(Extracted data entries)
:::::

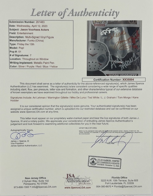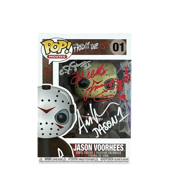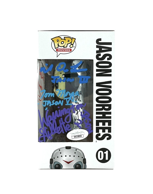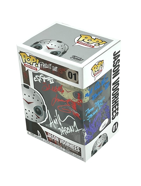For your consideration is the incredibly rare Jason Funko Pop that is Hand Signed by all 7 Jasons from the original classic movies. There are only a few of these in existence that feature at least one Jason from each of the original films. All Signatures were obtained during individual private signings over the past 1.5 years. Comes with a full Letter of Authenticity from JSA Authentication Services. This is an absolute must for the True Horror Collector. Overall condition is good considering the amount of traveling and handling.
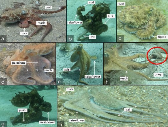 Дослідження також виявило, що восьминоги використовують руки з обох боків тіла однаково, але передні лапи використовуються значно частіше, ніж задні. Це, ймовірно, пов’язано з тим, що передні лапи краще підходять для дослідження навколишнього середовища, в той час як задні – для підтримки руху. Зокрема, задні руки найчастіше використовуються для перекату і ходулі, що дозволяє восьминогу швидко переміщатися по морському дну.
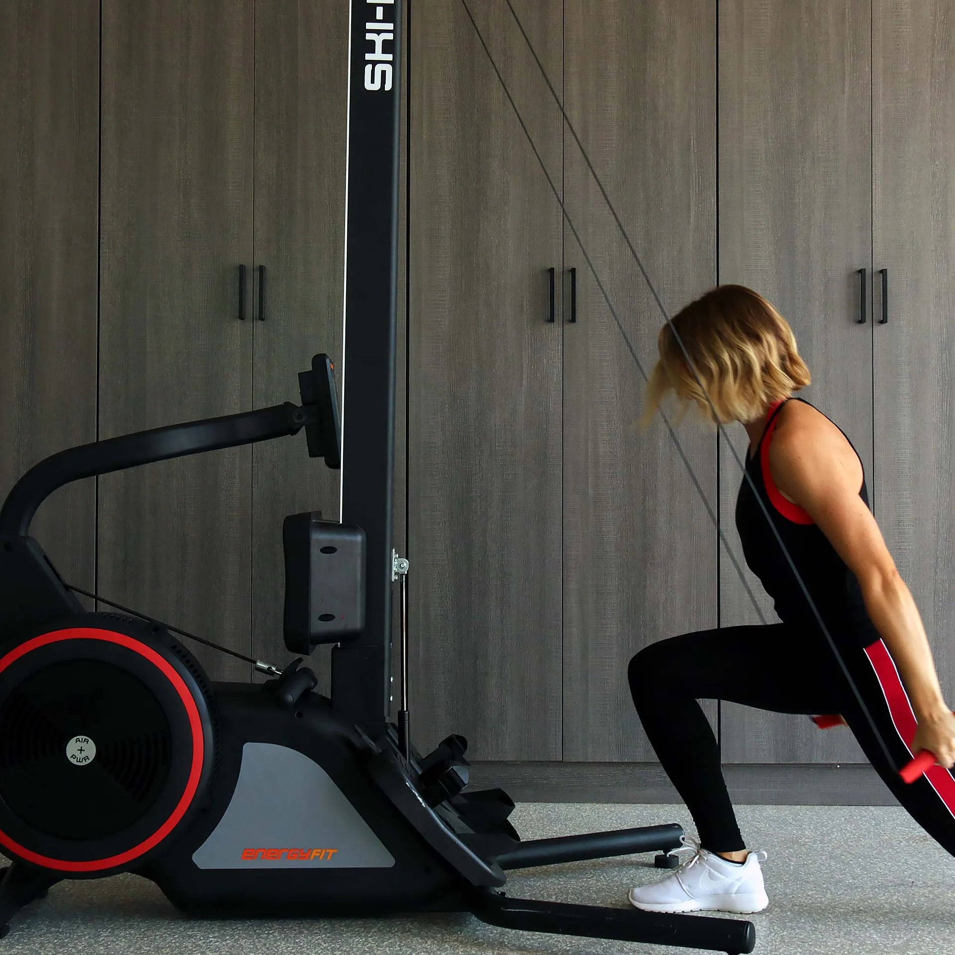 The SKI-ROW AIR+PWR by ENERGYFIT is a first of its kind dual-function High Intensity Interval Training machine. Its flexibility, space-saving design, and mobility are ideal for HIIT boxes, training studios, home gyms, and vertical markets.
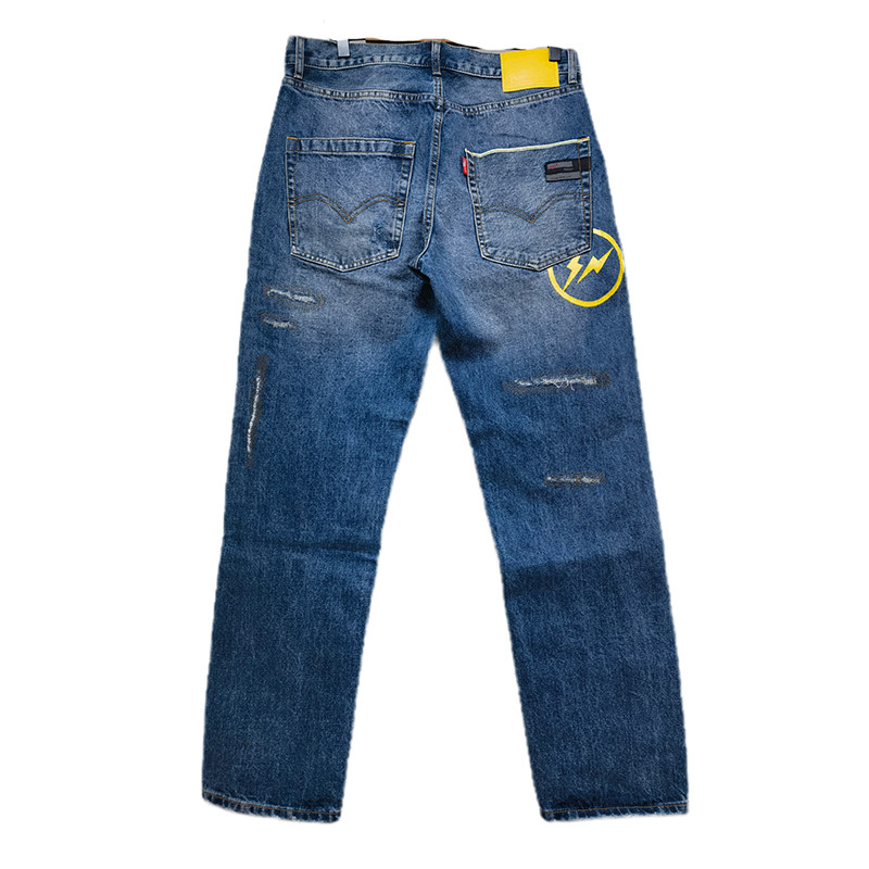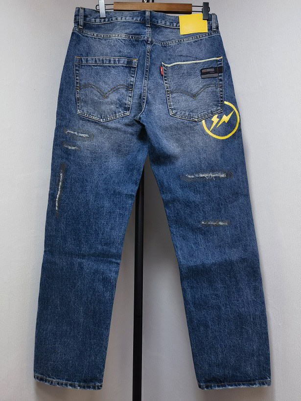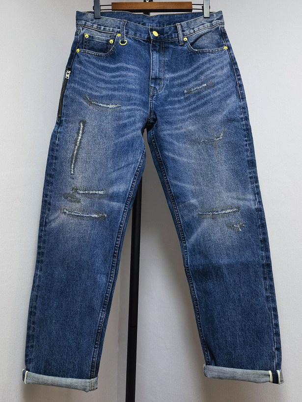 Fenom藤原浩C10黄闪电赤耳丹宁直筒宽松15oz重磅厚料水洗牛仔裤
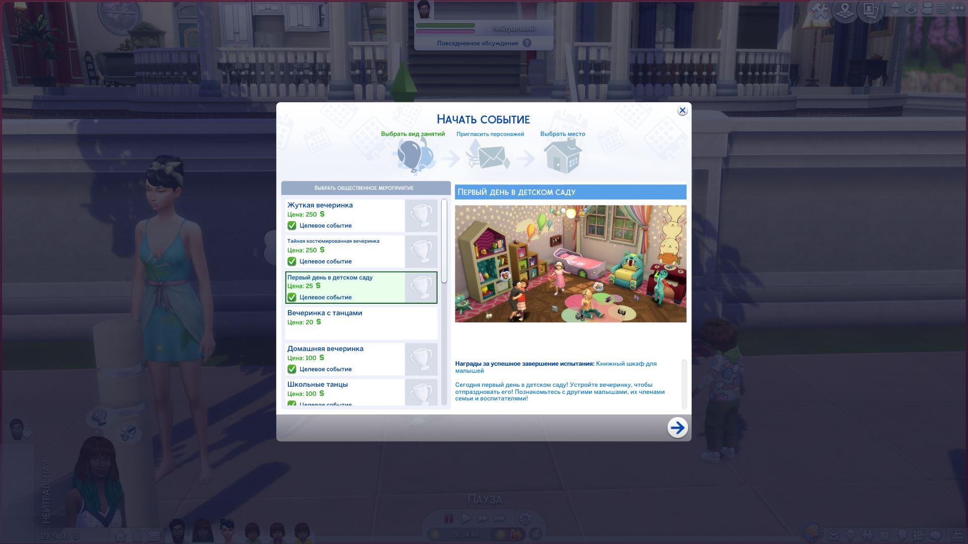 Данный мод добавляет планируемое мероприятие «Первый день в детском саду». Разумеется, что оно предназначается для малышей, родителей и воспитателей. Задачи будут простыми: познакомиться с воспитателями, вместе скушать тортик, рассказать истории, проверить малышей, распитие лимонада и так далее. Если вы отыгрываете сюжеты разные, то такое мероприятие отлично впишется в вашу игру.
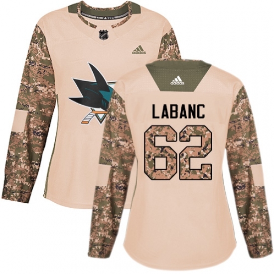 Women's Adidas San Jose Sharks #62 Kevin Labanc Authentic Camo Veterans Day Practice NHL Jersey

:::::

Every record above should come back exactly, but without its pictures.

For your consideration is the incredibly rare Jason Funko Pop that is Hand Signed by all 7 Jasons from the original classic movies. There are only a few of these in existence that feature at least one Jason from each of the original films. All Signatures were obtained during individual private signings over the past 1.5 years. Comes with a full Letter of Authenticity from JSA Authentication Services. This is an absolute must for the True Horror Collector. Overall condition is good considering the amount of traveling and handling.
 Дослідження також виявило, що восьминоги використовують руки з обох боків тіла однаково, але передні лапи використовуються значно частіше, ніж задні. Це, ймовірно, пов’язано з тим, що передні лапи краще підходять для дослідження навколишнього середовища, в той час як задні – для підтримки руху. Зокрема, задні руки найчастіше використовуються для перекату і ходулі, що дозволяє восьминогу швидко переміщатися по морському дну.
 The SKI-ROW AIR+PWR by ENERGYFIT is a first of its kind dual-function High Intensity Interval Training machine. Its flexibility, space-saving design, and mobility are ideal for HIIT boxes, training studios, home gyms, and vertical markets.
 Fenom藤原浩C10黄闪电赤耳丹宁直筒宽松15oz重磅厚料水洗牛仔裤
 Данный мод добавляет планируемое мероприятие «Первый день в детском саду». Разумеется, что оно предназначается для малышей, родителей и воспитателей. Задачи будут простыми: познакомиться с воспитателями, вместе скушать тортик, рассказать истории, проверить малышей, распитие лимонада и так далее. Если вы отыгрываете сюжеты разные, то такое мероприятие отлично впишется в вашу игру.
 Women's Adidas San Jose Sharks #62 Kevin Labanc Authentic Camo Veterans Day Practice NHL Jersey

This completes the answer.